Input of Linguistic Branch

Open JJ-res101 opened this issue 4 years ago • 3 comments

Thank you for your excellent work! How does the model get the box of a certain phrase in a sentence? Right now it seems to me that the model can't do that. Is that right?

JJ-res101 avatar Nov 19 '21 07:11 JJ-res101

The box is not annotated to match a certain phrase, but the whole sentence.

djiajunustc avatar Nov 20 '21 16:11 djiajunustc

I think the box is annotated to each phrase in Flickr30K Entities data. As said in your paper, "Flickr30K Entities [38] augments the original Flickr30K [58] with short region phrase correspondence annotations." Maybe the 'Flickr' dataset you use is one box annotation per sentence. Is that right?:)

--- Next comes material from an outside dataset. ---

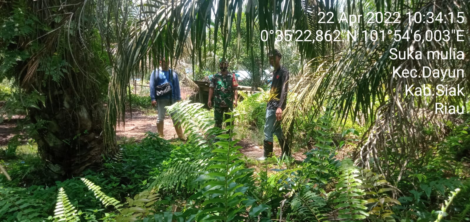 SIAK- Meski di Bulan Ramadhan, Babinsa Koramil 01/Siak jajaran Kodim 0322/Siak melaksanakan kegiatan Patroli Karhutla di Kampung Suka Mulia, Kecamatan Dayun, Kabupaten Siak. Jumat, 22 April 2022.

JJ-res101 avatar Nov 21 '21 01:11 JJ-res101

Just as you cited, "Flickr30K Entities [38] augments the original Flickr30K [58] with short region phrase correspondence annotations." which means the original sentences of Flickr30K are splited to short phrases and each phrase is annotated with a bbox. When training on Flickr30K Entities, each sample is consists of a phrase and a bbox.

jianghaojun avatar Mar 25 '22 02:03 jianghaojun